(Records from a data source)
^^^^

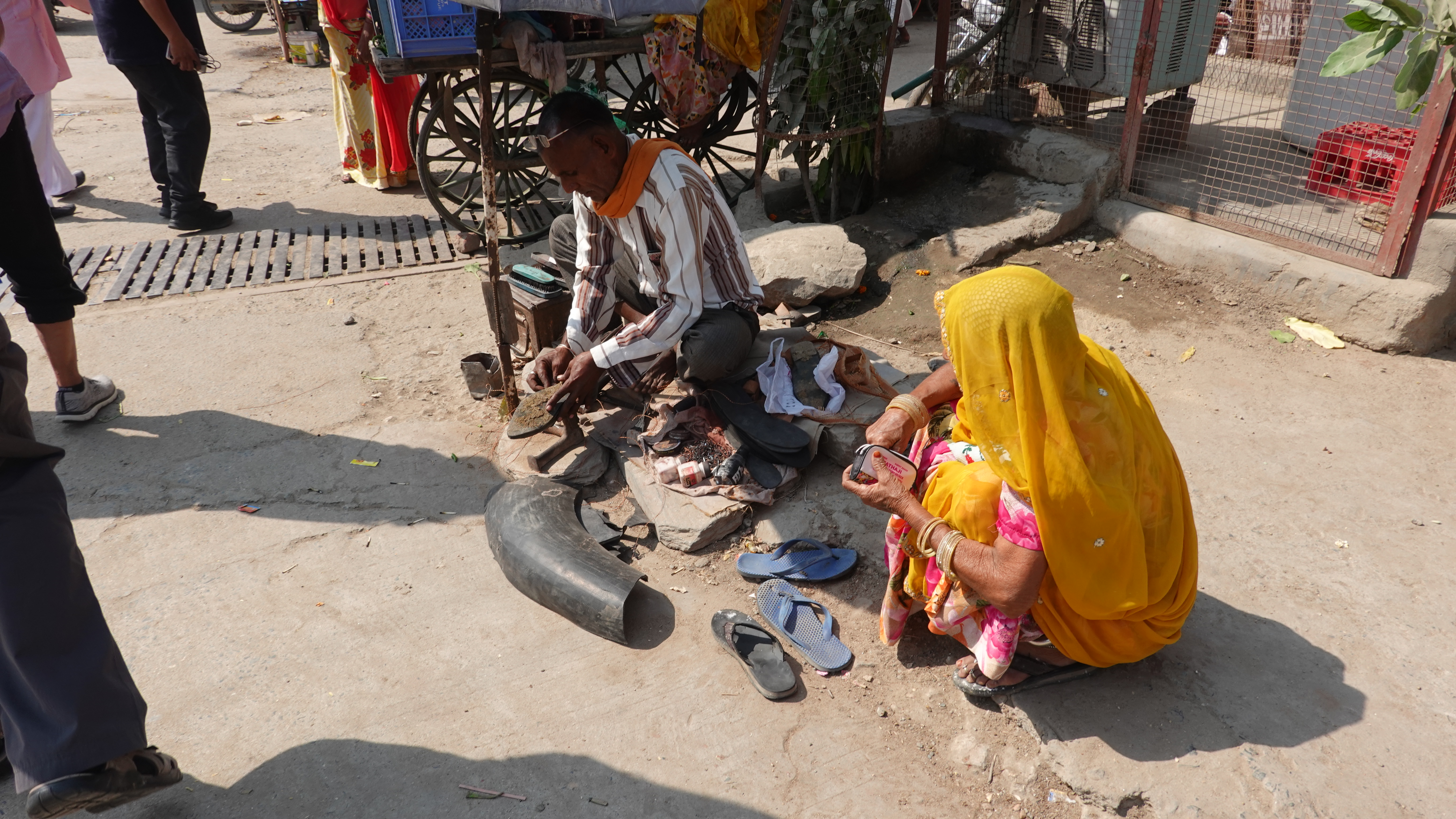 Beggar with a child – but everywhere else were people working by the side of the road or in garage sized places:
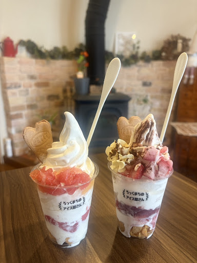 今回いただいたのは フローズンイチゴ&ティラミス的なものと ピンクグレープフルーツ&ピーチ&ヨーグルト でした。 フルーツの使い方がとても上手で 甘くて濃厚なソフトクリームと それぞれのフルーツが絶妙に口の中で絡み合います。 フルーツの酸味が際立つことはなく、むしろ調和しています。 またヨーグルトが甘めで、溶けたソフトクリームに合うんです。 最下部にヨーグルト、とのことで 食べる前は最初甘くて最後酸っぱいんだろなと思ってましたが 最後まで酸味が強まることはなく 本当に爽やかな甘さを楽しめました。
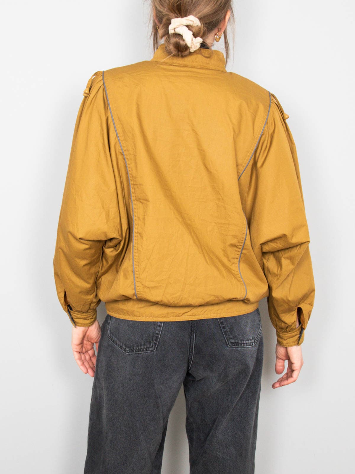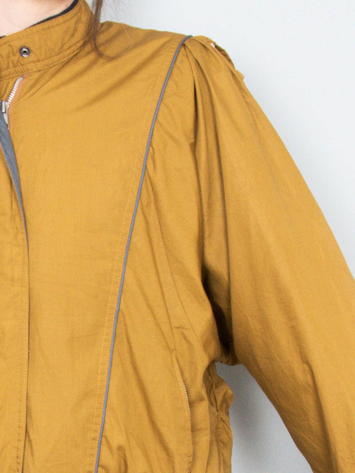 Beschreibung: Ausgefallenes Vintage Blouson mit Fledermausärmeln. Von innen ist das Blosuon gefüttert - eine ideale Jacke für den Übergang, ausgestattet mit zwei Seitentaschen.
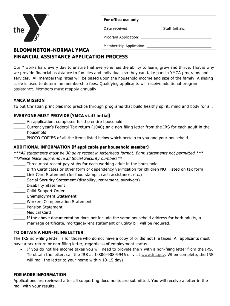For office use only Date received: Staff Initials: Program Application: Membership Application: BLOOMINGTONNORMAL YMCA FINANCIAL ASSISTANCE APPLICATION Processor Y works hard every day to ensure that
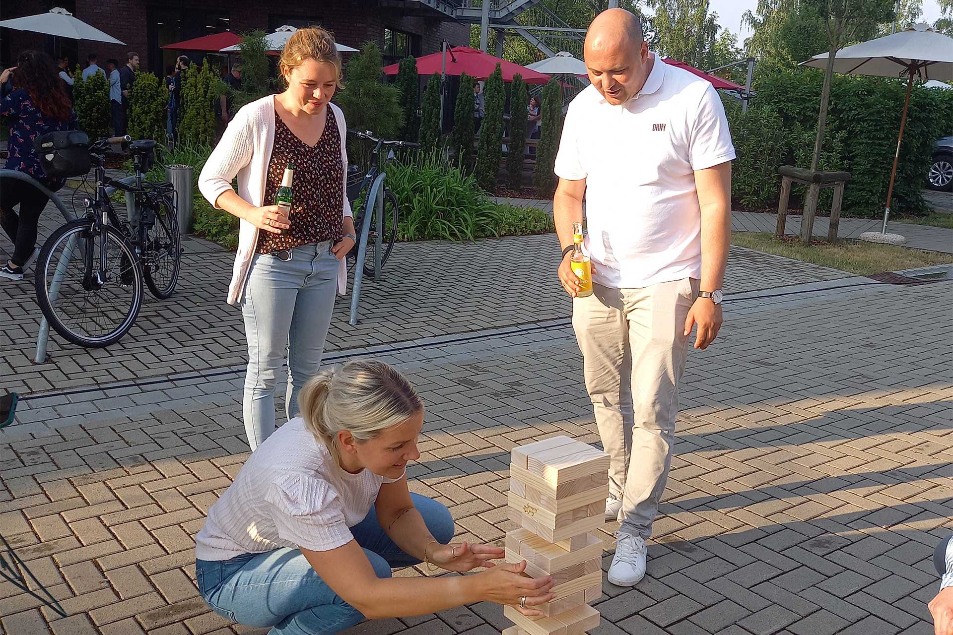 Im Programm der Veranstaltung richteten unsere Geschäftsführer Sven-Ove Wähling und Harald Lies den Blick zurück auf das vergangene Halbjahr bei Netzlink und stimmten die Netzlinge auf die zweite Jahreshälfte sowie unsere Ziele und Fokusthemen für den Rest des Jahres ein. Im Mittelpunkt standen dabei Neuerungen in der Organisation für eine noch effizientere Zusammenarbeit. Im Anschluss gaben die Teamleitenden unseres IT-Service-Bereichs einen Überblick über Umstrukturierungen in ihren Teams und der Vertrieb berichtete von aktuellen Kundenprojekten.
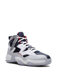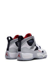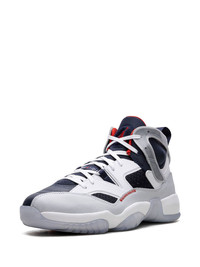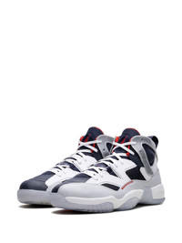 Jumpman Two Trey "Olympic" sneakers The latest colourway of Jordan's Jumpman Two Trey sneakers draws inspiration from the 2000's Air Jordan 6 Olympic. Crafted from smooth leather and mesh, it boasts a mashup design merging elements from the Air Jordan 6, 7, 8, 11, 12, 13 and 14. This iteration features a navy-blue base with grey and white overlays, as red accents complete the Olympic look. The iconic Jumpman logo lands on the tongue and icy translucent sole, whilst pull-tabs at the heel reference Michael Jordan's six NBA championships. Highlights - White/navy blue/scarlet - Leather - Mesh panelling - Signature jumpman motif - Colour-block panelled design - Round toe - Front lace-up fastening - Logo pull-tab at the heel - Chunky translucent rubber sole - These styles are supplied by a premium sneaker marketplace. stocking only the most sought-after footwear, they source and curate some of the most hard to find sneakers from around the world. Imported Composition Leather 100%
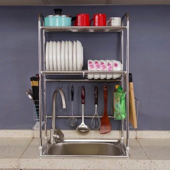 In addition, modern desktop drying devices are presented not only in a single-tier version. Are in great demand two-tier and three-tier structures, adjustable in height. They also have additional cutlery compartments.
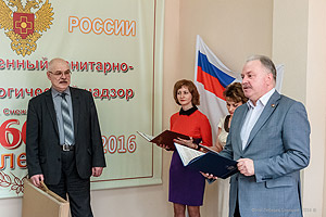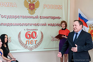 1 апреля 2016 года исполняется 60 лет со дня образования государственной санитарно-эпидемиологической службы ФМБА России в городе Снежинске. Поздравить коллективы Межрегионального управления № 15 ФМБА России (руководитель Виктор Романов) и ФГБУЗ «Центр гигиены и эпидемиологии № 15 ФМБА России» (главный врач Елена Вылегжанина) пришли глава города Снежинска Анатолий Тимошенков и глава администрации Игорь Сапрыкин. Они отметили огромный вклад санитарно-эпидемиологической службы в жизнеобеспечение Снежинска, а также вручили ряд наград.
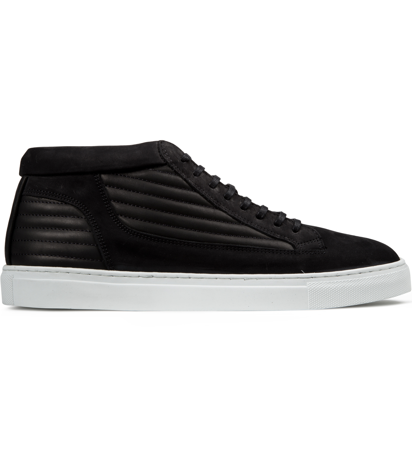 Senza stringhe o con stampa camouflage. Le sneaker nere sono un passepartout. Da osare anche con il black tie.
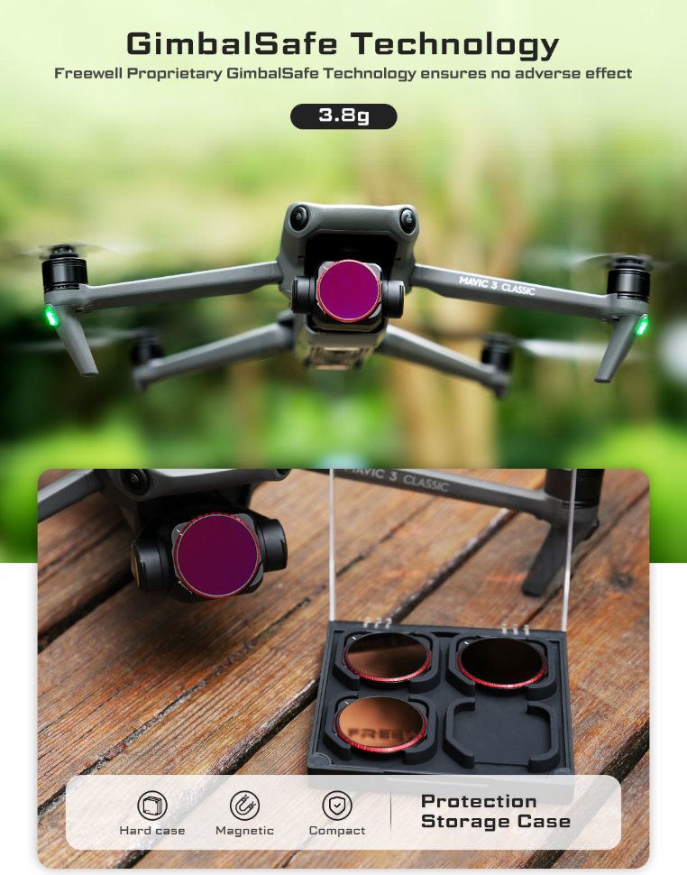 Комплект гибридных светофильтров для камеры дрона DJI Mavic 3 Classic изготовлен из немецкого оптического стекла. Линза устойчива к пыли и царапинам, а вес всего в 5.5г не перегружает подвес |
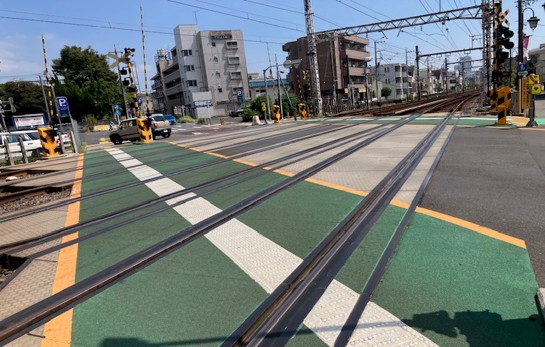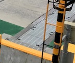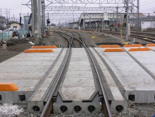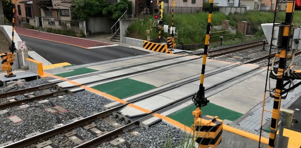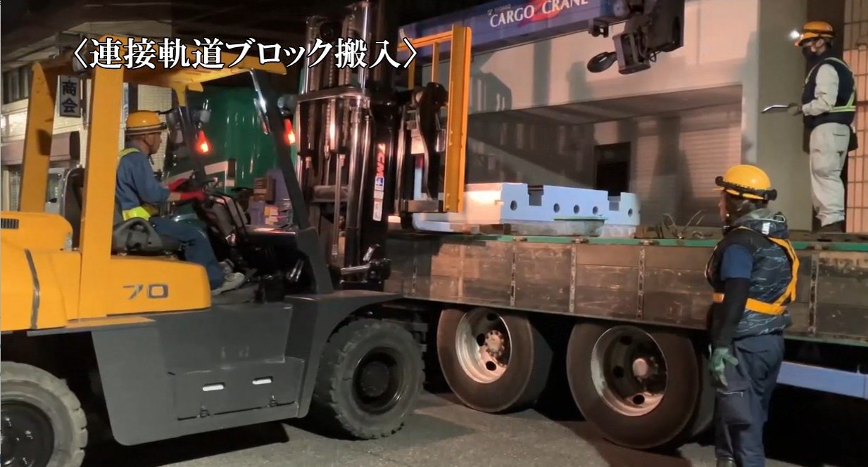 クレーンの使用できない道幅でのフォークリフトを使用した踏切交換工事の事例です。

^^^^

In the data above, find the line with "今回いただいたのは フローズンイチゴ&ティラミス的なものと ピンクグレープフルーツ&ピーチ&ヨーグルト" and the line with "Beschreibung: Ausgefallenes Vintage". Please copy exactly those two lines and every line between them, but not the pictures.

Answer space =>
 今回いただいたのは フローズンイチゴ&ティラミス的なものと ピンクグレープフルーツ&ピーチ&ヨーグルト でした。 フルーツの使い方がとても上手で 甘くて濃厚なソフトクリームと それぞれのフルーツが絶妙に口の中で絡み合います。 フルーツの酸味が際立つことはなく、むしろ調和しています。 またヨーグルトが甘めで、溶けたソフトクリームに合うんです。 最下部にヨーグルト、とのことで 食べる前は最初甘くて最後酸っぱいんだろなと思ってましたが 最後まで酸味が強まることはなく 本当に爽やかな甘さを楽しめました。
 Beschreibung: Ausgefallenes Vintage Blouson mit Fledermausärmeln. Von innen ist das Blosuon gefüttert - eine ideale Jacke für den Übergang, ausgestattet mit zwei Seitentaschen.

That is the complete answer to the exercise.